> [Action item] Pictures are to be left out; every line from the one that holds "A matte white" to the end of the data is to be retyped exactly.

> [Information supplied]
■ ■ ■ ■

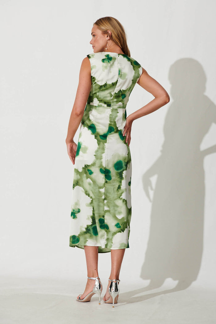 Wonderful World Maxi Dress In Cream With Green Watercolour Satin
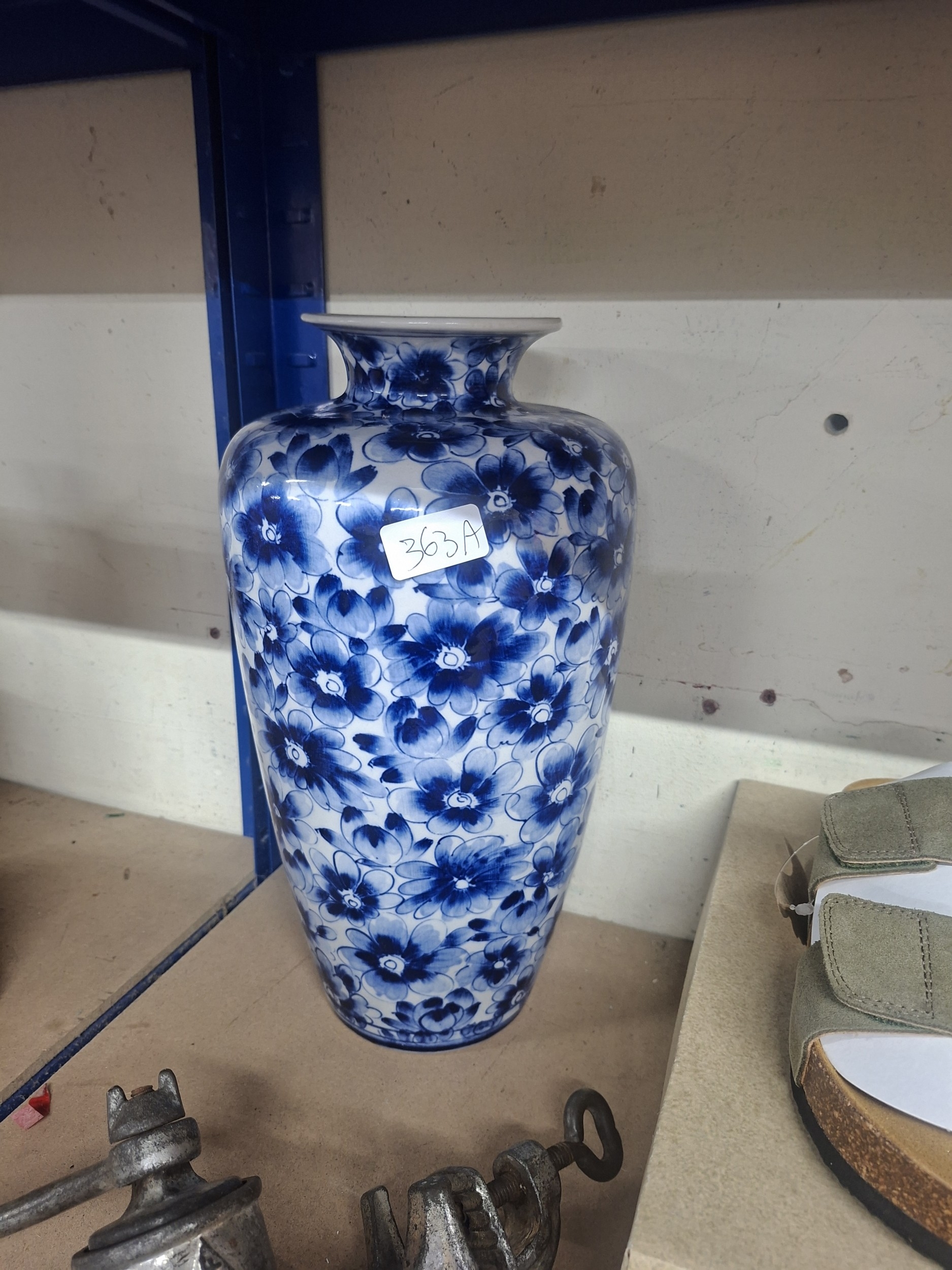 A matte white ceramic vase with a bulbous body and blue floral pattern.
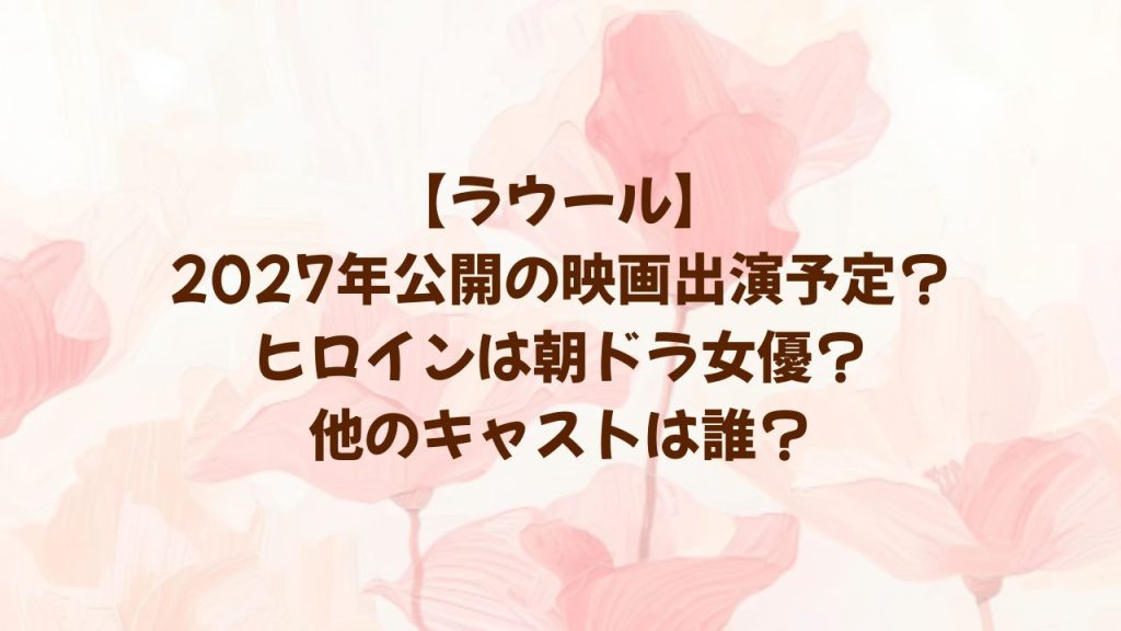 ラウールの映画出演予定2027年は?ヒロインは朝ドラ女優?他のキャストは誰?

■ ■ ■ ■

> [Solution to the problem]
 A matte white ceramic vase with a bulbous body and blue floral pattern.
 ラウールの映画出演予定2027年は?ヒロインは朝ドラ女優?他のキャストは誰?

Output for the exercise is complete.